▶ ABOUT THIS TASK
Word for word, transcribe the data below from the line with "Beverage Dispenser Container, 6" to the line with "КОР в кор.1шт", keeping both of those lines.

▶ INPUT RECORDS
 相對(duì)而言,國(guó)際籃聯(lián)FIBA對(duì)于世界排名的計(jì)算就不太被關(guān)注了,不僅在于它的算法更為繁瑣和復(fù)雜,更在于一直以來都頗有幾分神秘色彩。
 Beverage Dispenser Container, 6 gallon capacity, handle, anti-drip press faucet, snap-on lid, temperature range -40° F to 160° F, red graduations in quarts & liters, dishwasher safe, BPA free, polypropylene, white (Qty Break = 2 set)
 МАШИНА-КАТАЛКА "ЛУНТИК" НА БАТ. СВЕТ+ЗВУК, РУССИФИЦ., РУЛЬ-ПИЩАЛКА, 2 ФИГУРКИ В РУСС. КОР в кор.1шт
---
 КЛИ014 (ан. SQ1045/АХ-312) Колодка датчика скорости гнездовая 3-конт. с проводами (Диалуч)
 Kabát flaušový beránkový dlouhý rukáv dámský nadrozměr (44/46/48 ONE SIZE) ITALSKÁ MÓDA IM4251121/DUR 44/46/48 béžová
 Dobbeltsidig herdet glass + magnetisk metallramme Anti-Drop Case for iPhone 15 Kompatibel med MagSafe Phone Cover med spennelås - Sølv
---
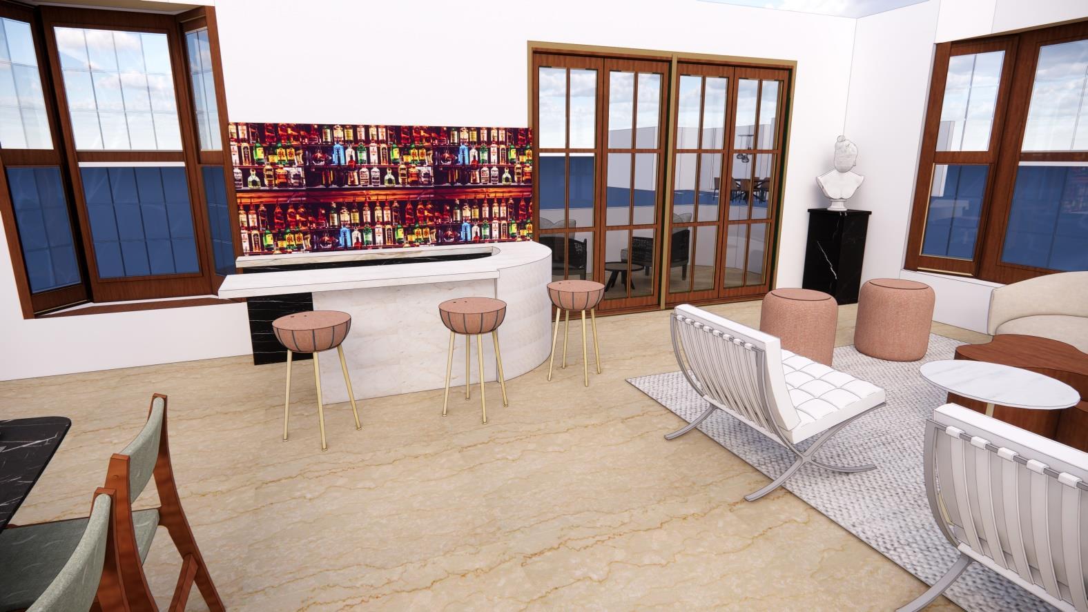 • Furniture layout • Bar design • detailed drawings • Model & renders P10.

▶ YOUR SOLUTION
 Beverage Dispenser Container, 6 gallon capacity, handle, anti-drip press faucet, snap-on lid, temperature range -40° F to 160° F, red graduations in quarts & liters, dishwasher safe, BPA free, polypropylene, white (Qty Break = 2 set)
 МАШИНА-КАТАЛКА "ЛУНТИК" НА БАТ. СВЕТ+ЗВУК, РУССИФИЦ., РУЛЬ-ПИЩАЛКА, 2 ФИГУРКИ В РУСС. КОР в кор.1шт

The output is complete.